Chapter 20, Problem 20.40P

(a)

Interpretation Introduction

Interpretation:

The ${\text{K}}_{\text{a}}$ value for conjugate acid of pyridine has to be calculated.

Concept Introduction:

Ionic-product constant for water: It is the hydronium ion concentration times the $O{H}^{-}$ concentration present in the solution.

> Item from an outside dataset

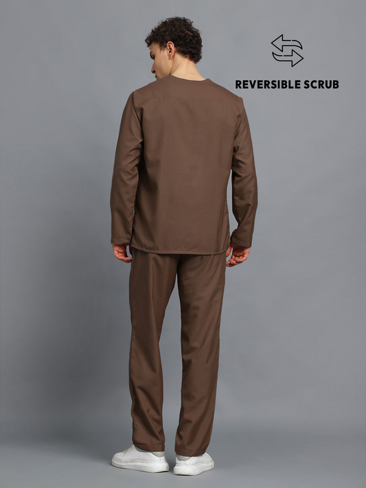 Brown Reversible Full Sleeve Medical Scrubs - Male

$\begin{array}{c}{H}_2{O}_{\left(l\right)}+H_2{O}_{\left(l\right)}{H}_3{O}^{+}{}_{\left(aq\right)}+O{H}^{-}{}_{\left(aq\right)}\\ K=\frac{\left[H_3{O}^{+}\right]\left[O{H}^{-}\right]}{\left[H_{2}O\right]\left[H_{2}O\right]}\\ \left[H_3{O}^{+}\right]=\left[O{H}^{-}\right]=1.00\times {10}^{-7}M\\ \therefore K_W=K\left[H_{2}O\right]\left[H_{2}O\right]=\left[H_3{O}^{+}\right]\left[O{H}^{-}\right]\\ K_W=1.00\times {10}^{-14}M\\ K_W=K_a\cdot K_b\end{array}$

Answer to Problem 20.40P

The ${\text{K}}_{\text{a}}$ value for conjugate acid of pyridine is $\text{6}\text{.7}\times {10}^{-6}\text{ M}$.

Explanation of Solution

Given: ${\text{C}}_{\text{5}}{\text{H}}_{\text{5}}\text{N}\Rightarrow {\text{K}}_{\text{b}}\text{ = 1}\text{.5}\times {\text{10}}^{\text{-9}}\text{ M}$

    ${\text{C}}_{\text{5}}{\text{H}}_{\text{5}}{\text{N+ H}}^{\text{+}}\rightleftharpoons {\text{C}}_{\text{5}}{\text{H}}_{\text{5}}{\text{NH}}^{\text{+}}$

The conjugate acid of given base is ${\text{C}}_{\text{5}}{\text{H}}_{\text{5}}{\text{NH}}^{\text{+}}$.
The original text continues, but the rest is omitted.